Holdridge menyatakan suhu biologi itu sebagai suhu yang berada pada batas kisaran, yang masih memungkinkan pertumbuhan vegetasi. Dan vegetasi diperkirakan tumbuh pada kisaran suhu antara 0 C – 30 C
Curah hujan dinyatakan dengan jumlah rata-rata per tahun dalam millimeter. Kedua angka biotemperatur dan curah hujan ini sudah cukup untuk menentukan zona kehidupan.
3. Pengaruh suhu, curah hujan atau evapotranspirasi potensial pada tumbuhan berhubungan erat dengan nilai logaritma nilai yang diukur dari ketiga besaran tadi.
4. Daerah lintang mempunyai ekivalensi dengan jalur ketinggian tempat. Jadi, kalau seseorang mendaki lereng gunung di daerah tropika, maka ia akan sampai pada ketinggian yang keadaan vegetasinya sebanding dengan kondisi curah hujan yang serupa dengan keadaan di kutub.
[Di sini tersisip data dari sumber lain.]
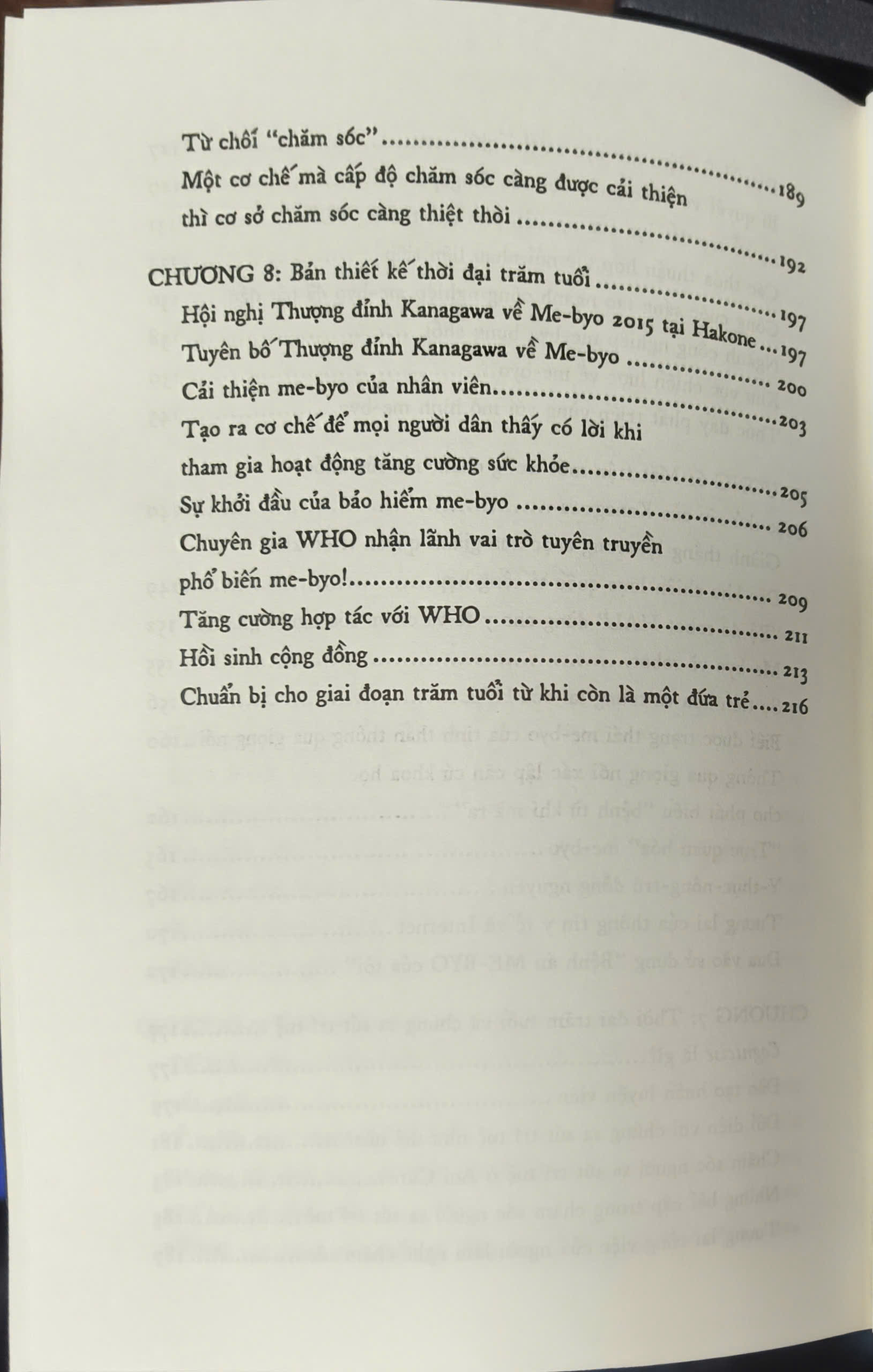 Nhật Bản đang chuẩn bị bước vào kỷ nguyên xã hội siêu già hóa, với số lượng người cao tuổi nhiều nhất từ trước đến nay, dự kiến đến năm 2050, cứ 142 người Nhật sẽ có 1 người trên 100 tuổi, đây là một thách thức rất lớn cho toàn xã hội, đặc biệt là hệ thống phúc lợi, y tế và bảo hiểm. Để chuẩn bị cho tương lai này, với cương vị là Thống đốc tỉnh Kanagawa, tác giả Kuroiwa Yuji đã đưa ra rất nhiều thảo luận, trong đó tập trung vào khái niệm me-byo, một trạng thái ở giữa khỏe mạnh và bệnh tật. Trong cuốn sách này, ông chia sẻ về khái niệm me-byo, cũng như khuyến khích thay đổi lối sống và tạo dựng một hệ thống xã hội phù hợp nhằm cải thiện trạng thái me-byo của cá nhân cũng như toàn xã hội, từ đó chuẩn bị cho “thời đại trăm tuổi” trong tương lai không xa.

5. Satu macam kelompok tumbuhan yang tumbuh di suatu kawasan tidaklah secara unik ditentukan oleh zona kehidupan. Holdridge mengusulkan adanya tiga tingkat hirarki untuk mengklasifikasikan lingkungan tumbuhan, yang tertinggi atau terluas (zona kehidupan).
Dalam unit ini kemudian terdapat tiga pembagian yang disebut asosiasi. Asosiasi ini kemudian ditentukan oleh karena adanya pengaruh suhu, curah hujan, kelembaban, dan modifikasi azonal, seperti angin yang keras searah, kabut tebal, pola curah hujan menurut musim dst.
Jadi Holdridge mengenal asosiasi suhu, asosiasi hidris, asosiasi tanah dst. Tiap asosiasi ini kemudian dapat dibagi pembagian tingkat ketiga yang didasarkan pada perbedaaan tataguna tanah.
Sistem di atas mempunyai arti bahwa seorang ahli yang terlatih dapat meramalkan jenis komunitas di suatu daerah berdasarkan pada data faktor lingkungan dan iklim di daerah tersebut, kemudian dapat pula ditentukan jenis tumbuhan apa yang cocok ditanam di daerah tersebut.